Items from a data source:
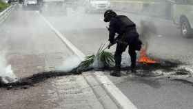 Unos cincuenta estudiantes de Ayotzinapa protestaron en el marco de los 23 meses de la desaparición de 43 de sus compañeros en Iguala
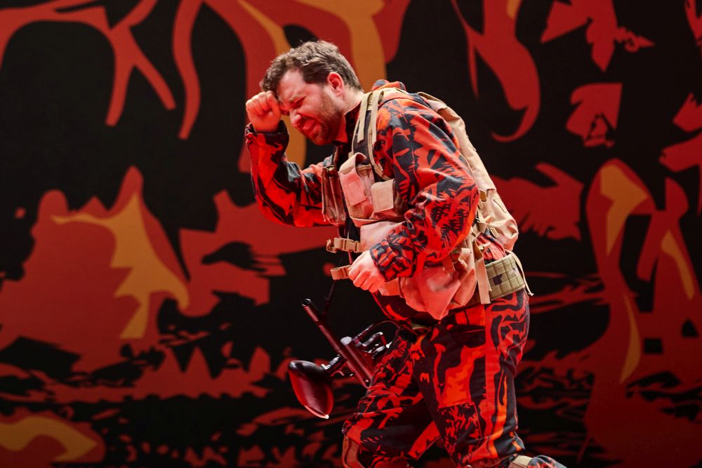 Überhaupt der Text: Wegen ihrer Antiquiertheit gelten die gesprochenen Dialoge als großes Manko des «Freischütz». Wieler und Morabito schieben sie mit Unterstützung von Staatstheater-Schauspielern in Form eines künstlich artikulierten Hörspiels ein – was den Fluss der Aufführung zwar immer wieder lähmt, gleichzeitig aber auch eine verstörend-halluzinierende Wirkungen ausübt und gut zur Künstlichkeit des Settings passt. Hierfür hat sich die Ausstatterin Nina von Mechow von den mit zweidimensionalen Gaming-Welten korrespondierenden, Bekanntes in ungewöhnliche Kontexte versetzenden Bilderwelten des Berliner Künstlers Alekos Hofstetter anregen lassen. Der (para-)militärische Tarnfleck ist hier allgegenwärtig, ziert ganze Wälder und Schluchten und auch die Uniformen, in denen die Bauern- und Jägergemeinschaft das Sternleinschießen zu Beginn der Oper in einen Lasertag- oder Paintball-Event verwandeln, sind diesem Look verpflichtet.
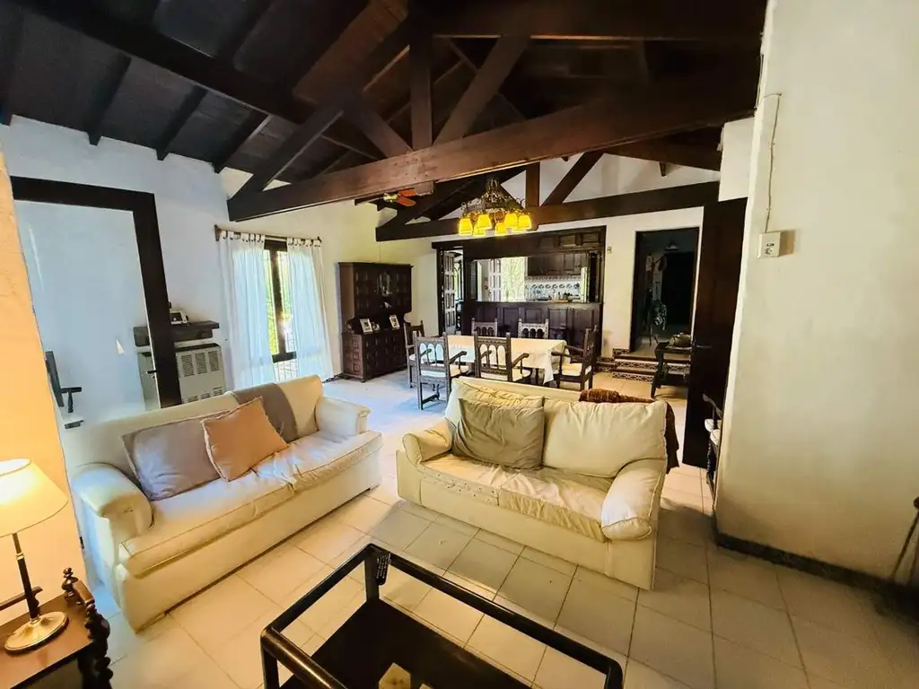 La vivienda presenta una distribución funcional con 3 dormitorios amplios, 2 baños completos, living comedor con hogar a leña y cocina integrada por barra. Cuenta con cochera cubierta, terraza contigua al living y zona de parrilla.
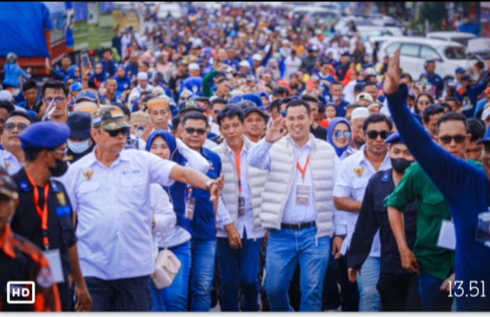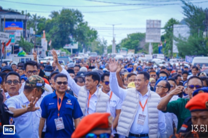 Usai deklarasi calon bupati – wakil bupati Pangkep periode 2024 – 2029, Muhammad Yusran Lalogau – Abd Rahman Assegaf diiringi ribuan massa berjalan kaki menuju kantor KPU Pangkep untuk mendaftar.
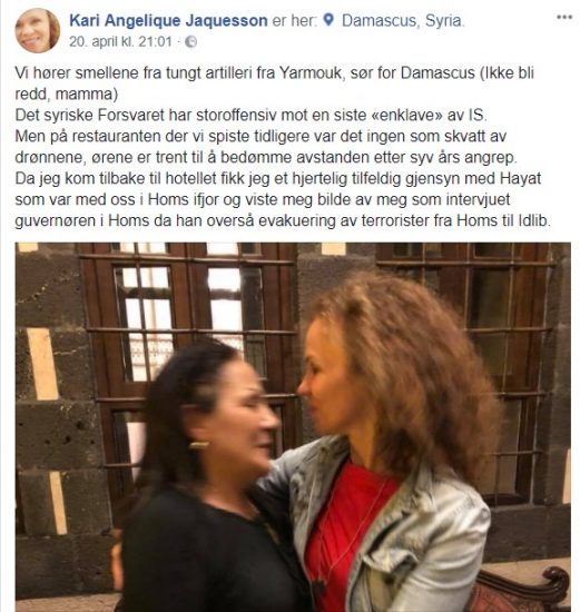 Men uansett, Jaquesson er i Syria og forteller på Facebook-siden sin om hvordan de hører bombene falle.
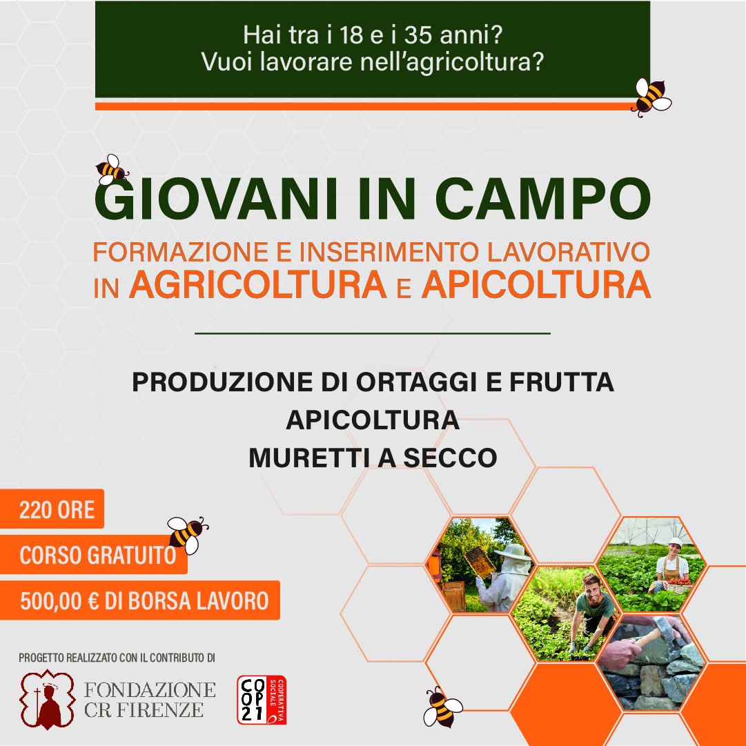 APERTE LE ISCRIZIONI PER IL NUOVO CORSO DI FORMAZIONE COOP21 “GIOVANI IN CAMPO”! Il percorso formativo ed inserimento lavorativo in agricoltura intende far acquisire le competenze relative all’ADA 1050 Conduzione delle produzioni arboree, erbacee ed ortofloricole del repertorio delle Figure Professionali della Regione Toscana. Alla fine del percorso i corsisti dovranno aver acquisito competenze inerenti la lavorazione e fertilizzazione […]

#### [WORK TO COMPLETE]
The result should be an exact copy of only the lines above from the one that holds "Überhaupt der Text: Wegen" through the one that holds "Usai deklarasi calon", both ends included, without pictures.

#### [SOLUTION TO THIS EXERCISE]
 Überhaupt der Text: Wegen ihrer Antiquiertheit gelten die gesprochenen Dialoge als großes Manko des «Freischütz». Wieler und Morabito schieben sie mit Unterstützung von Staatstheater-Schauspielern in Form eines künstlich artikulierten Hörspiels ein – was den Fluss der Aufführung zwar immer wieder lähmt, gleichzeitig aber auch eine verstörend-halluzinierende Wirkungen ausübt und gut zur Künstlichkeit des Settings passt. Hierfür hat sich die Ausstatterin Nina von Mechow von den mit zweidimensionalen Gaming-Welten korrespondierenden, Bekanntes in ungewöhnliche Kontexte versetzenden Bilderwelten des Berliner Künstlers Alekos Hofstetter anregen lassen. Der (para-)militärische Tarnfleck ist hier allgegenwärtig, ziert ganze Wälder und Schluchten und auch die Uniformen, in denen die Bauern- und Jägergemeinschaft das Sternleinschießen zu Beginn der Oper in einen Lasertag- oder Paintball-Event verwandeln, sind diesem Look verpflichtet.
 La vivienda presenta una distribución funcional con 3 dormitorios amplios, 2 baños completos, living comedor con hogar a leña y cocina integrada por barra. Cuenta con cochera cubierta, terraza contigua al living y zona de parrilla.
 Usai deklarasi calon bupati – wakil bupati Pangkep periode 2024 – 2029, Muhammad Yusran Lalogau – Abd Rahman Assegaf diiringi ribuan massa berjalan kaki menuju kantor KPU Pangkep untuk mendaftar.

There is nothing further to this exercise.